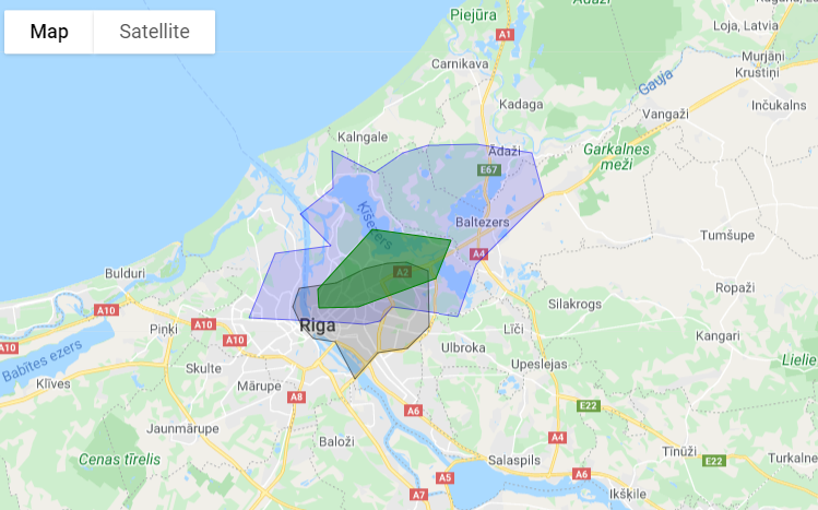 Рассмотрим классическое применение - 1 служба доставки, 3 зоны - центр города, город, окраины города.
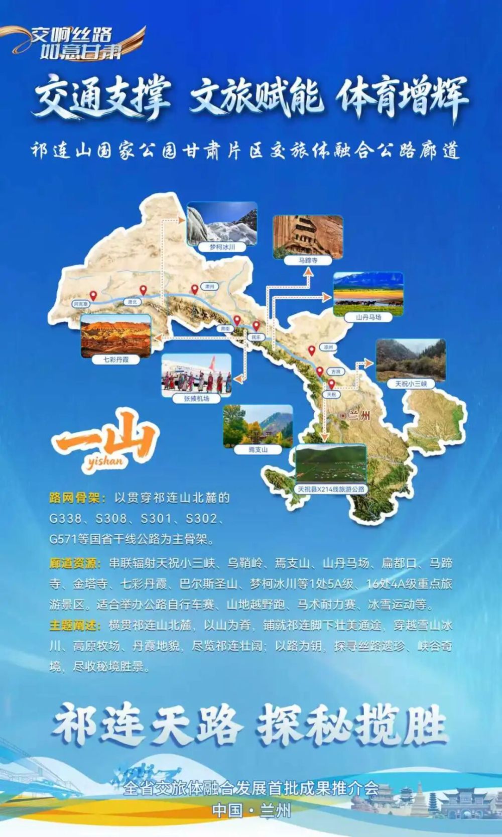 以“祁连天路 探秘揽胜”为主题,打造祁连山国家公园甘肃片区交旅体融合廊道,即“一山廊道”。
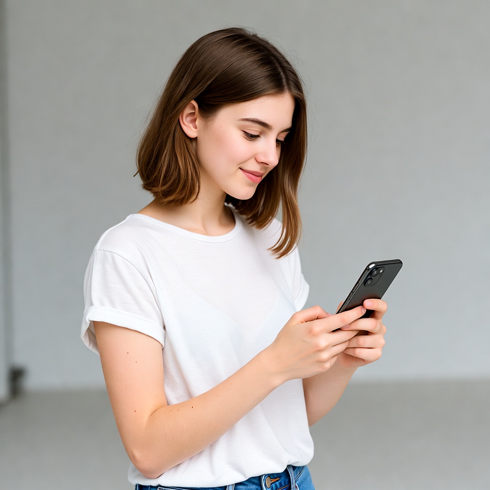 A young woman with shoulder-length brown hair stands in front of a plain gray background, smiling slightly while looking at her black smartphone. She wears a white short-sleeved t-shirt and blue jeans, holding the phone with both hands. Her expression appears engaged as she interacts with the device.
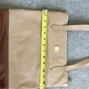 NELLY O “Leather” Purse Cream & Tan great fabric interior pinks/yellow/orange.
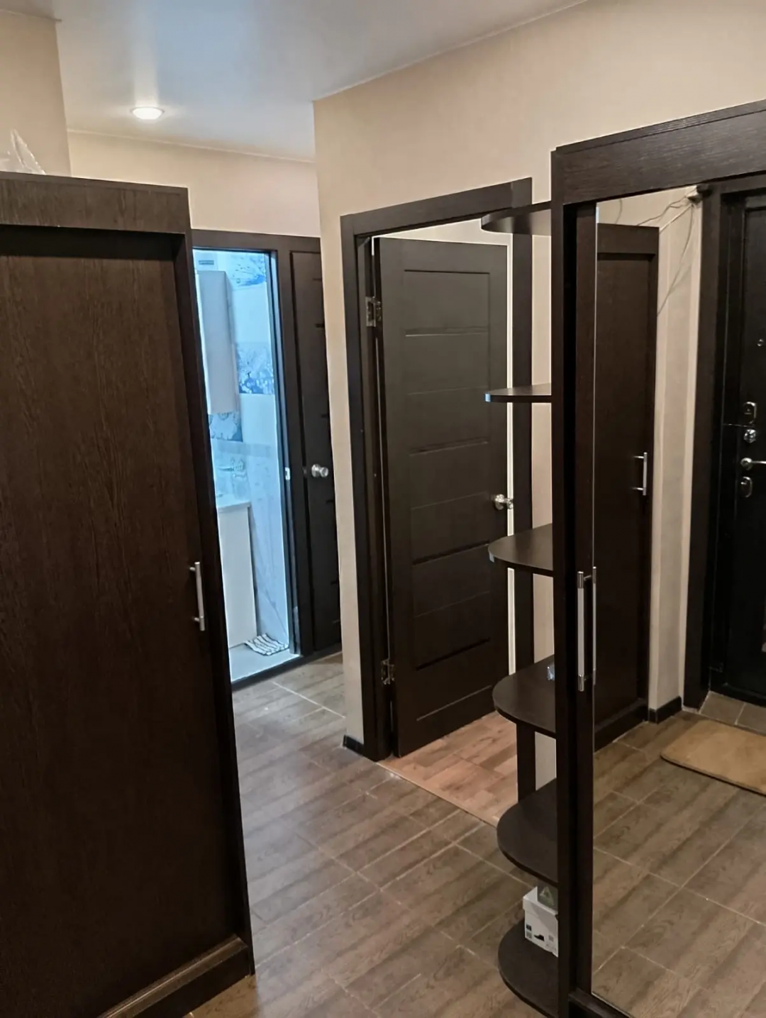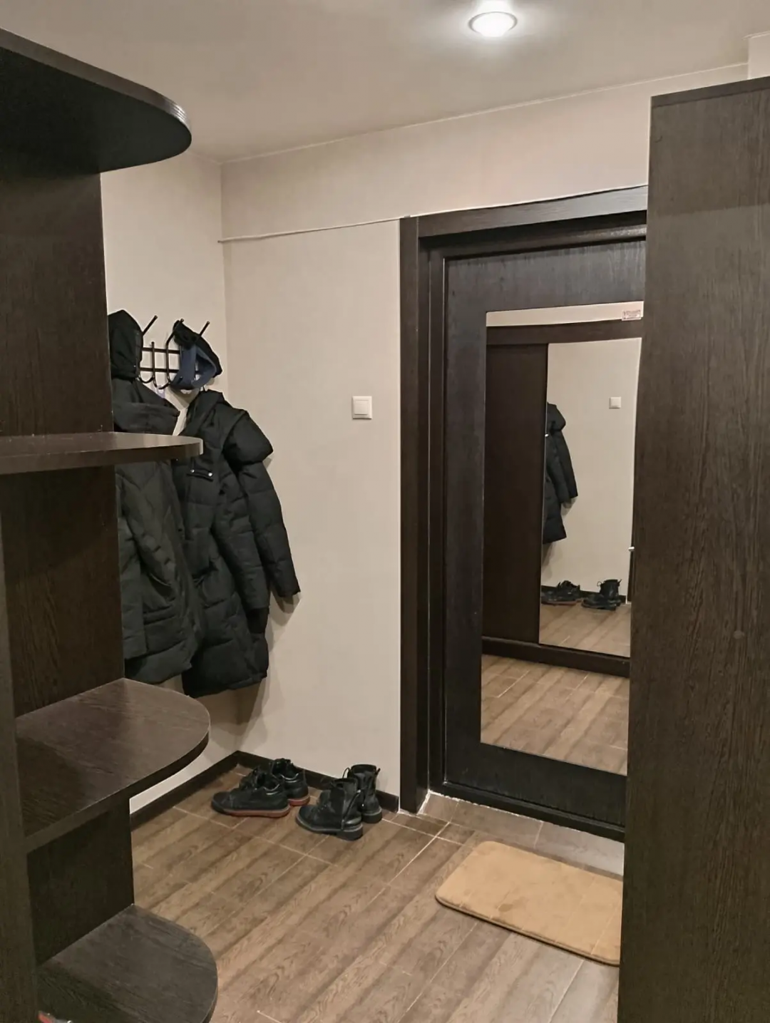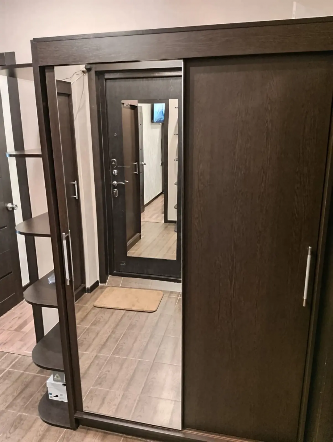 В прихожей удобные шкафы купе для хранения верхней одежды и обуви.

▸ **EXERCISE DETAILS**:
Copy out the entries exactly. No pictures.

▸ **RESULT FOR THIS EXERCISE**:
 Рассмотрим классическое применение - 1 служба доставки, 3 зоны - центр города, город, окраины города.
 以“祁连天路 探秘揽胜”为主题,打造祁连山国家公园甘肃片区交旅体融合廊道,即“一山廊道”。
 A young woman with shoulder-length brown hair stands in front of a plain gray background, smiling slightly while looking at her black smartphone. She wears a white short-sleeved t-shirt and blue jeans, holding the phone with both hands. Her expression appears engaged as she interacts with the device.
 NELLY O “Leather” Purse Cream & Tan great fabric interior pinks/yellow/orange.
 В прихожей удобные шкафы купе для хранения верхней одежды и обуви.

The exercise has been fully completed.